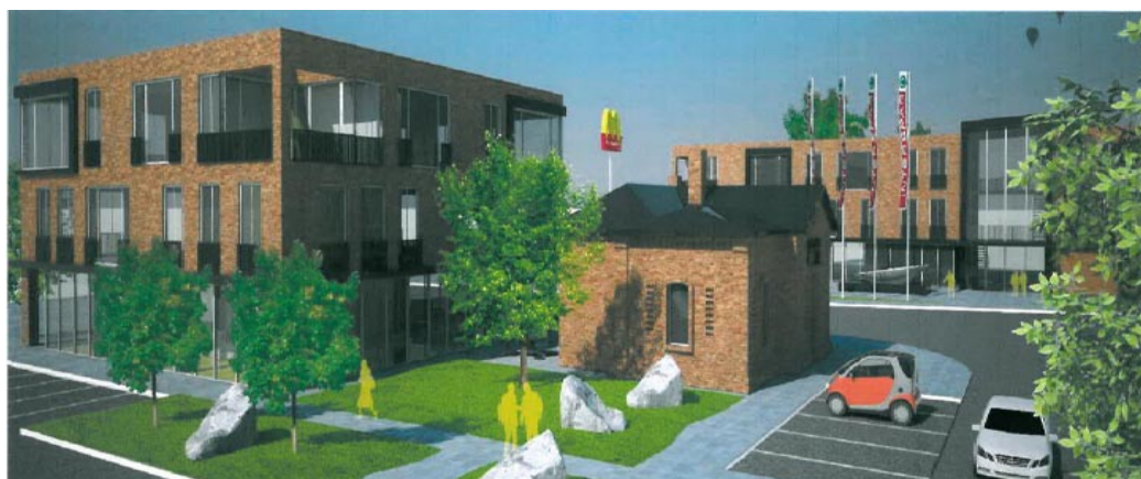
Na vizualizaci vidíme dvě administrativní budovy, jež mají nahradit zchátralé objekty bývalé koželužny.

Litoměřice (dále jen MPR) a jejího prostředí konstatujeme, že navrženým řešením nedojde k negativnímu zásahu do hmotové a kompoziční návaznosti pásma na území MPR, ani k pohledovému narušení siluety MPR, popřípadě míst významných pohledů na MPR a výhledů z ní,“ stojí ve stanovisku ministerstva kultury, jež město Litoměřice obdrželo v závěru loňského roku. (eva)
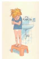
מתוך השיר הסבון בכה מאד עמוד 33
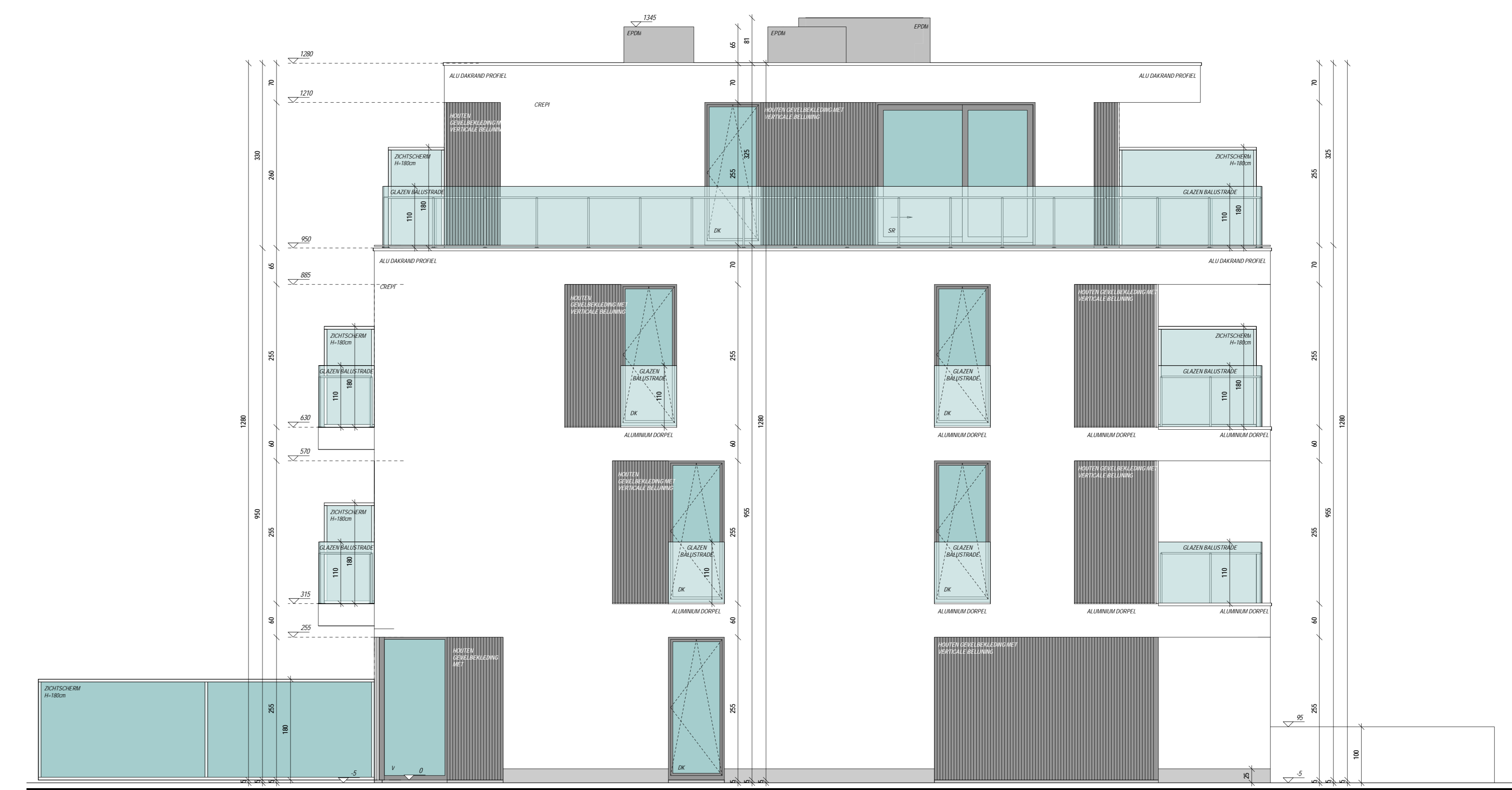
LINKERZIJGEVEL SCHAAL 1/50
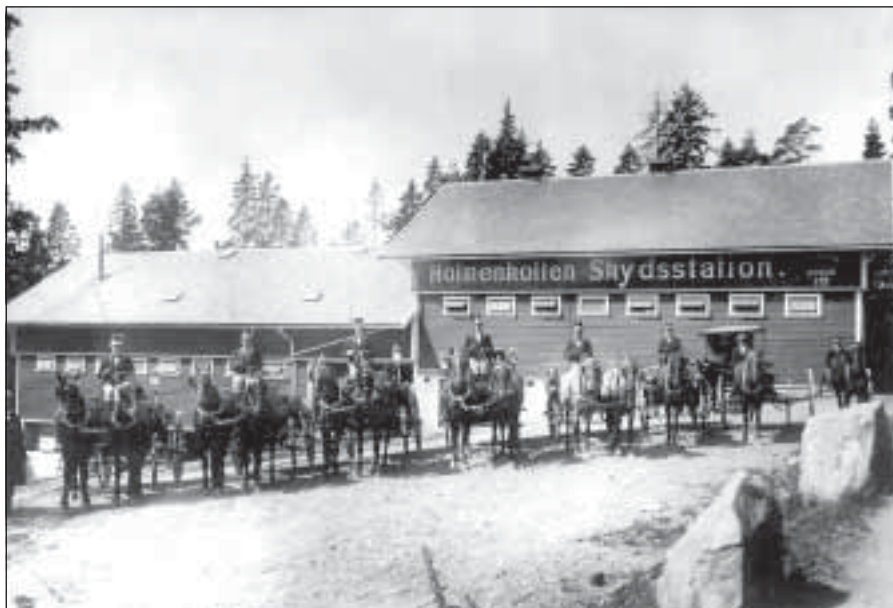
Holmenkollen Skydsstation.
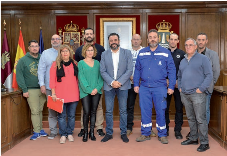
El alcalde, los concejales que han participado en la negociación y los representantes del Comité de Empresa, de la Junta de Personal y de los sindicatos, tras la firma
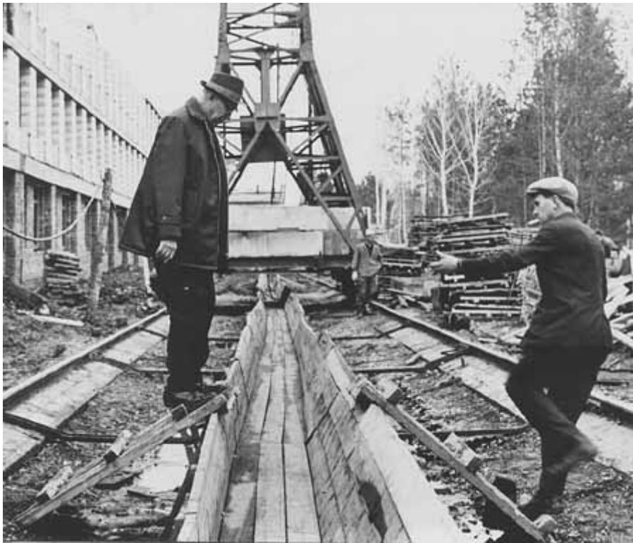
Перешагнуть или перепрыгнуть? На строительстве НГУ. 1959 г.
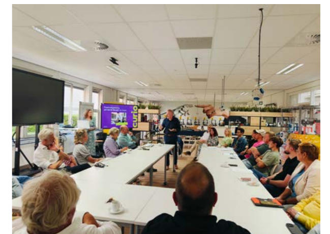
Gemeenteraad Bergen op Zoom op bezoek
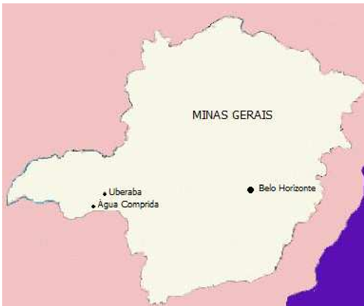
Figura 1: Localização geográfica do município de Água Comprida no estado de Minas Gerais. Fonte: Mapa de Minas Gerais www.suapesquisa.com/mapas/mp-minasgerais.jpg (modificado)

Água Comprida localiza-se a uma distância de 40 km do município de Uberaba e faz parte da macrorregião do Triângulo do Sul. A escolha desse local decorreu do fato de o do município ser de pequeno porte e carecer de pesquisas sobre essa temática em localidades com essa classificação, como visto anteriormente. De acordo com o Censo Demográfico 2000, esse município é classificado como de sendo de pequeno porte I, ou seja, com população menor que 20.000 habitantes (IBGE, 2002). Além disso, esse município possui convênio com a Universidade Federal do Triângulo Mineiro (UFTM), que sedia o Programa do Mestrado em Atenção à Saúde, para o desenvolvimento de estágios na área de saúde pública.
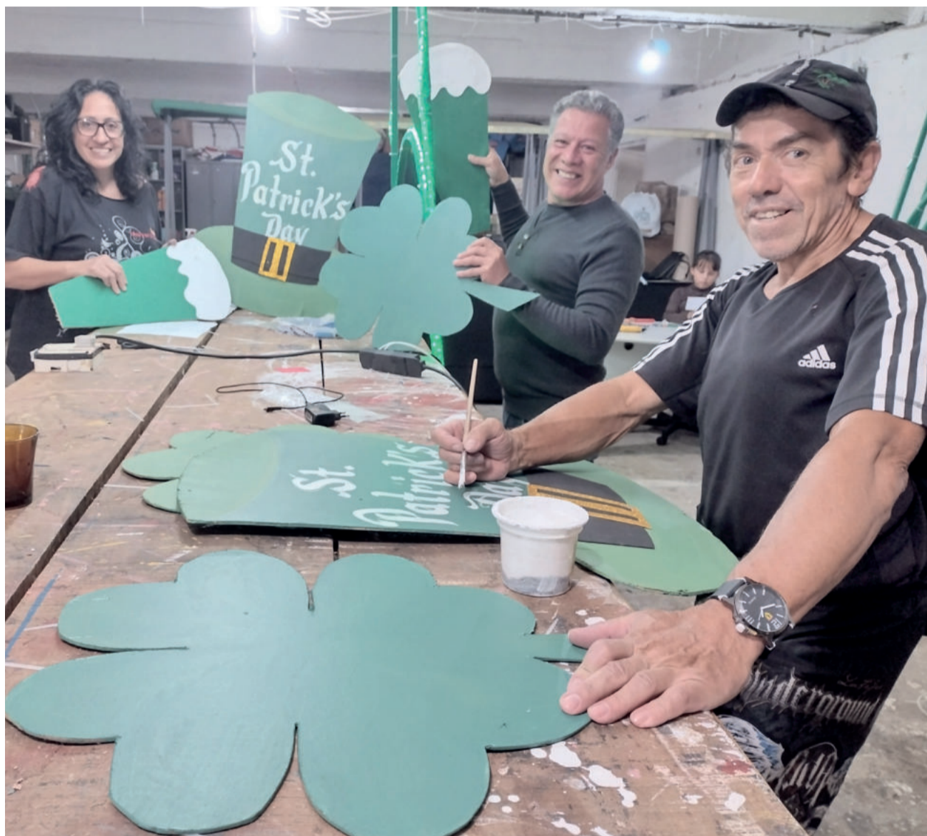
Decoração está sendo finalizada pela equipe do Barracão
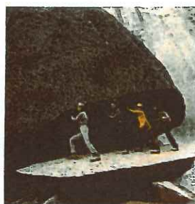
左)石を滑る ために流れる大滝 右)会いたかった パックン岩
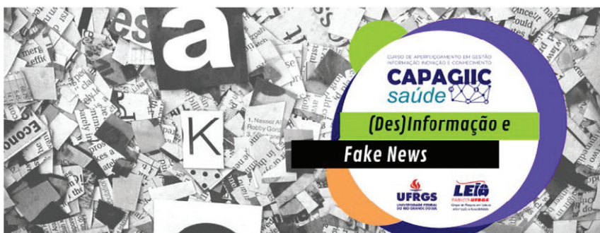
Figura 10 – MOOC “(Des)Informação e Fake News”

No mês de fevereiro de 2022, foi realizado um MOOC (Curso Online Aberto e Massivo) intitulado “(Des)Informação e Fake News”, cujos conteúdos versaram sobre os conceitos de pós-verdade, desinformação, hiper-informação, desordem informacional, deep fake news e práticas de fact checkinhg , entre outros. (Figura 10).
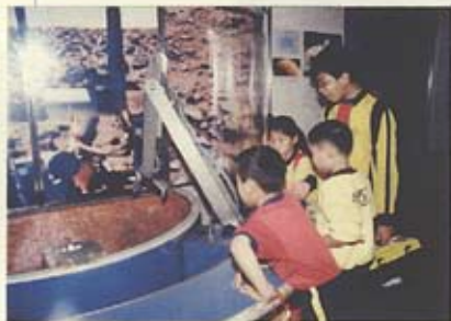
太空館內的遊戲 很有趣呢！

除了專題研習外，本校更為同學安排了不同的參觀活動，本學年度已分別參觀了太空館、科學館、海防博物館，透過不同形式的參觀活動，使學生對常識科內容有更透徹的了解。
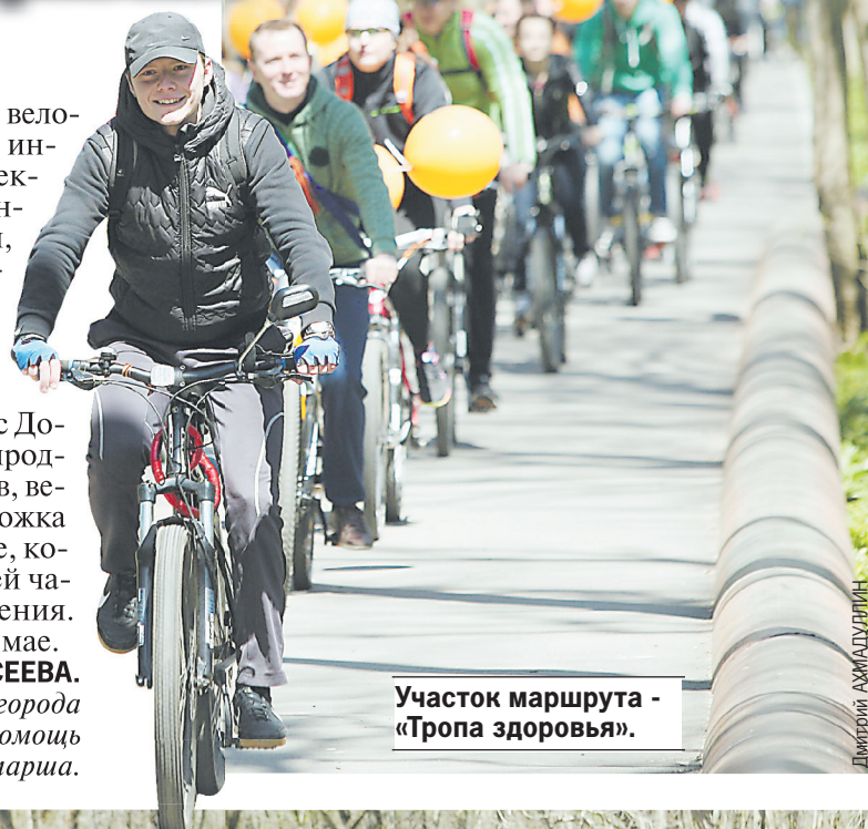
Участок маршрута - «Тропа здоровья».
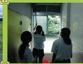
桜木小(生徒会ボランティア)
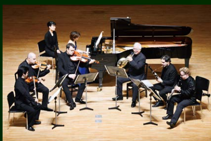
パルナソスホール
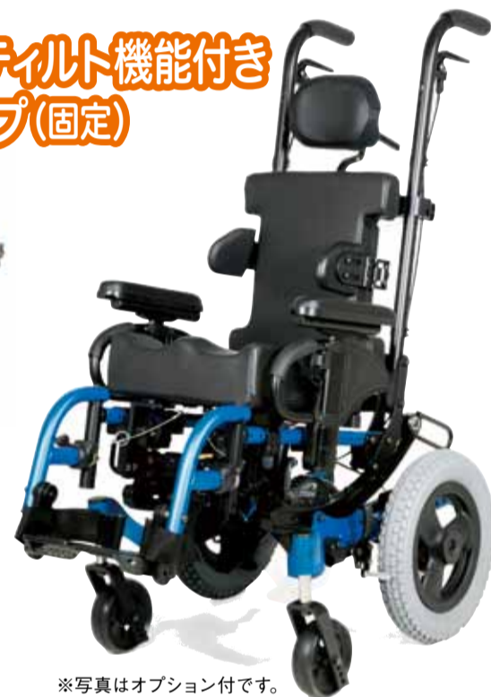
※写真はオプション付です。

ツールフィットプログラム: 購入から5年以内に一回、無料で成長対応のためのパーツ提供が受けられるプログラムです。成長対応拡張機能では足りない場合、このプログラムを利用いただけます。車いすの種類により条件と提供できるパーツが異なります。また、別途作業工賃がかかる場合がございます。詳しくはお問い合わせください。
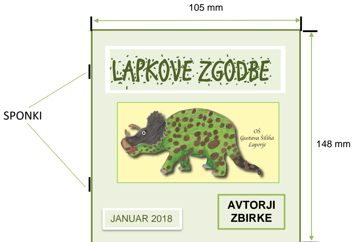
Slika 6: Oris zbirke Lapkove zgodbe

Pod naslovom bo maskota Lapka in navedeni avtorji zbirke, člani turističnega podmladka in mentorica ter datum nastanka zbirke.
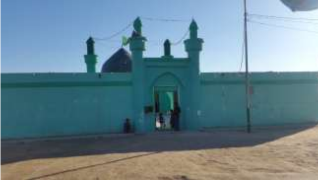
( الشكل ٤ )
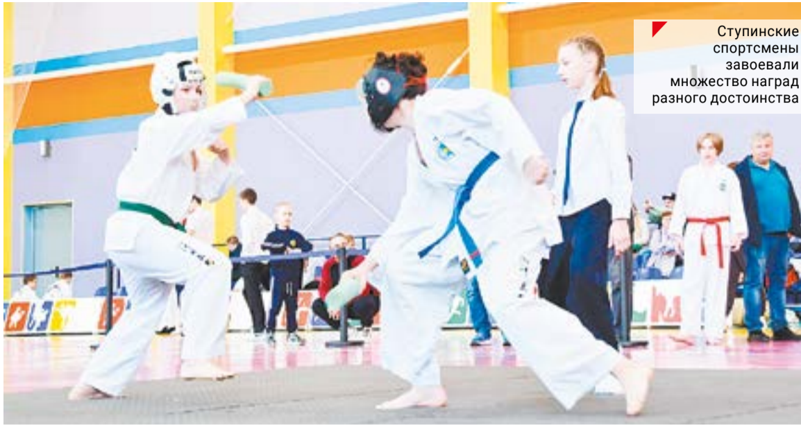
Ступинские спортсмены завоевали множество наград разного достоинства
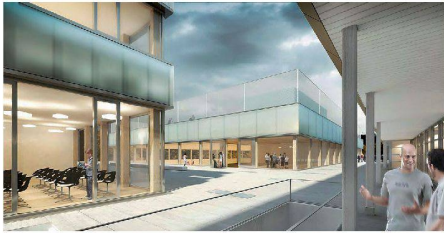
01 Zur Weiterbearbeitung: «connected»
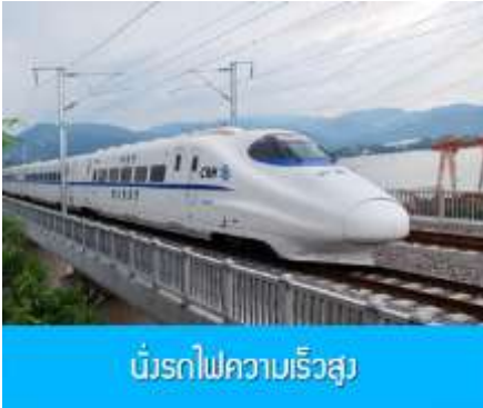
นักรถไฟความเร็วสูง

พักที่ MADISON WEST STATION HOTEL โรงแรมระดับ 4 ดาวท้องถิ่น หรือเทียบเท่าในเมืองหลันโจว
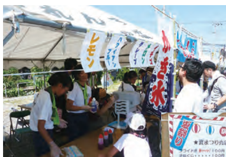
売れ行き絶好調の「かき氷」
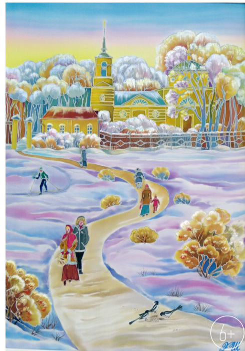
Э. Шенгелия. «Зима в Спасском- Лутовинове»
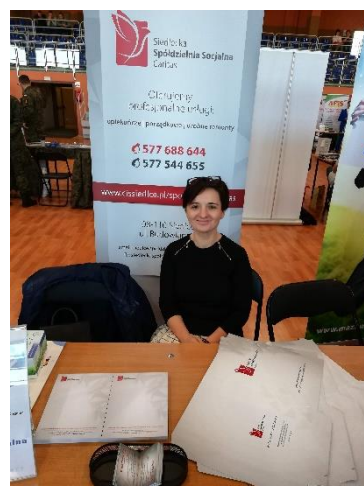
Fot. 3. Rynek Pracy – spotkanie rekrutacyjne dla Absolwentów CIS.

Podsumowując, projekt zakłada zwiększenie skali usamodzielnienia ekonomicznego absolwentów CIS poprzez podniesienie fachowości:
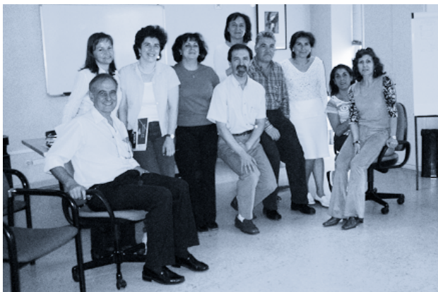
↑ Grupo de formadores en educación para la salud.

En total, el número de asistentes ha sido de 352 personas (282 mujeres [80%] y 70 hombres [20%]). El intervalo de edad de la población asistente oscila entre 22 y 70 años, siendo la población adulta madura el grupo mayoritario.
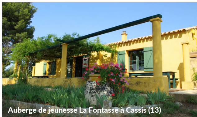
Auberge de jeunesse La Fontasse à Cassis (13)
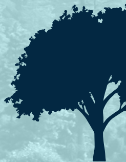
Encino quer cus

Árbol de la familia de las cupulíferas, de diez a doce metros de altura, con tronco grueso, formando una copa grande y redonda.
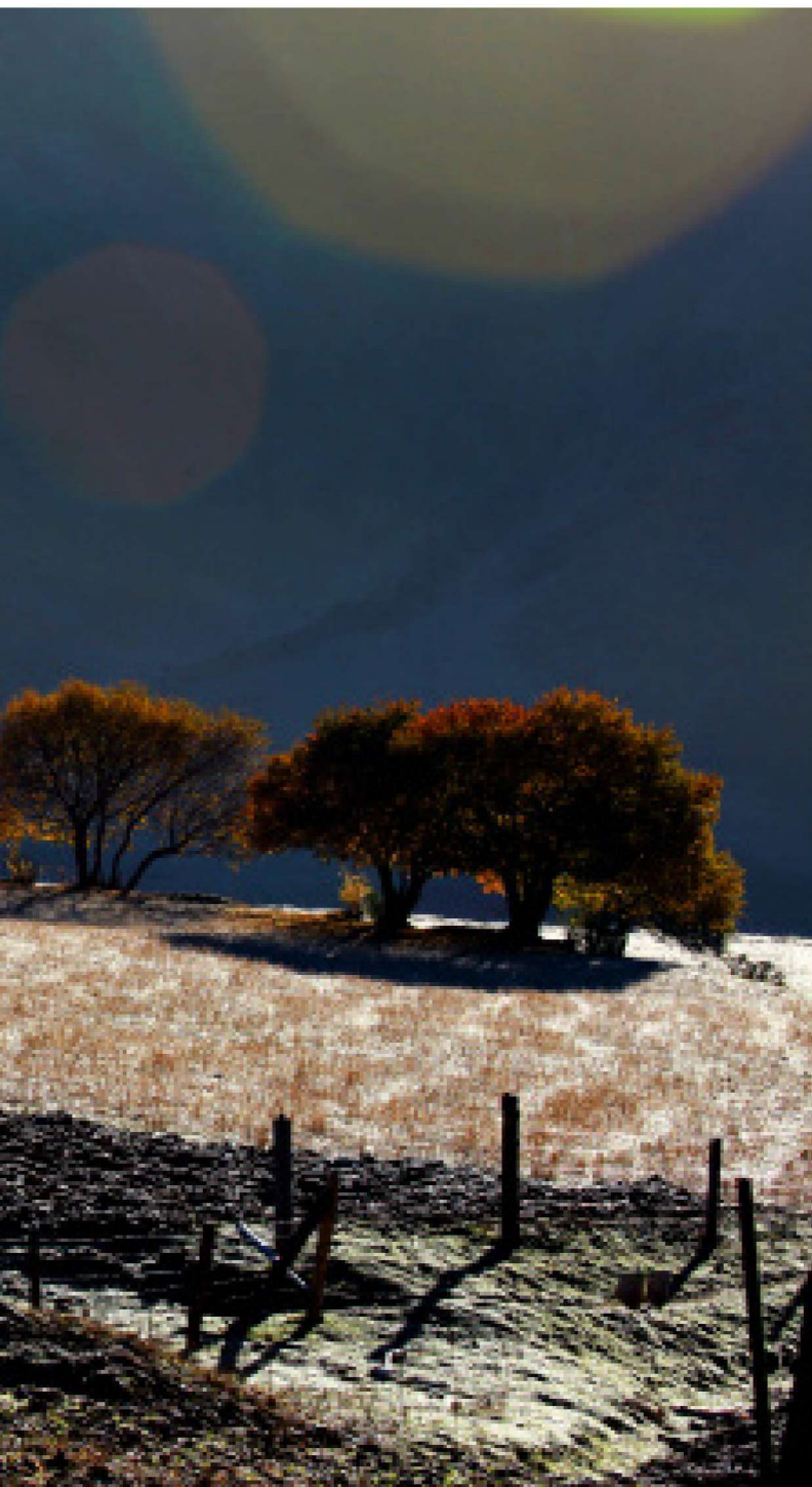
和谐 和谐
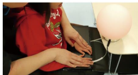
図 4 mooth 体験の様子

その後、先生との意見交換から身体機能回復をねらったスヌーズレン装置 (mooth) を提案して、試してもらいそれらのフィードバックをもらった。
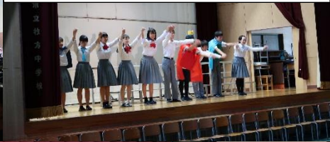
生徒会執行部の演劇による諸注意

....

-- ASSIGNED TASK --
From the data above, retype only the lines starting with the line with "( الشكل ٤ )" and going on through the line with "para la salud.", exactly, leaving out the pictures.

-- EXERCISE RESULT --
( الشكل ٤ )
Ступинские спортсмены завоевали множество наград разного достоинства
01 Zur Weiterbearbeitung: «connected»
นักรถไฟความเร็วสูง

พักที่ MADISON WEST STATION HOTEL โรงแรมระดับ 4 ดาวท้องถิ่น หรือเทียบเท่าในเมืองหลันโจว
売れ行き絶好調の「かき氷」
Э. Шенгелия. «Зима в Спасском- Лутовинове»
Fot. 3. Rynek Pracy – spotkanie rekrutacyjne dla Absolwentów CIS.

Podsumowując, projekt zakłada zwiększenie skali usamodzielnienia ekonomicznego absolwentów CIS poprzez podniesienie fachowości:
↑ Grupo de formadores en educación para la salud.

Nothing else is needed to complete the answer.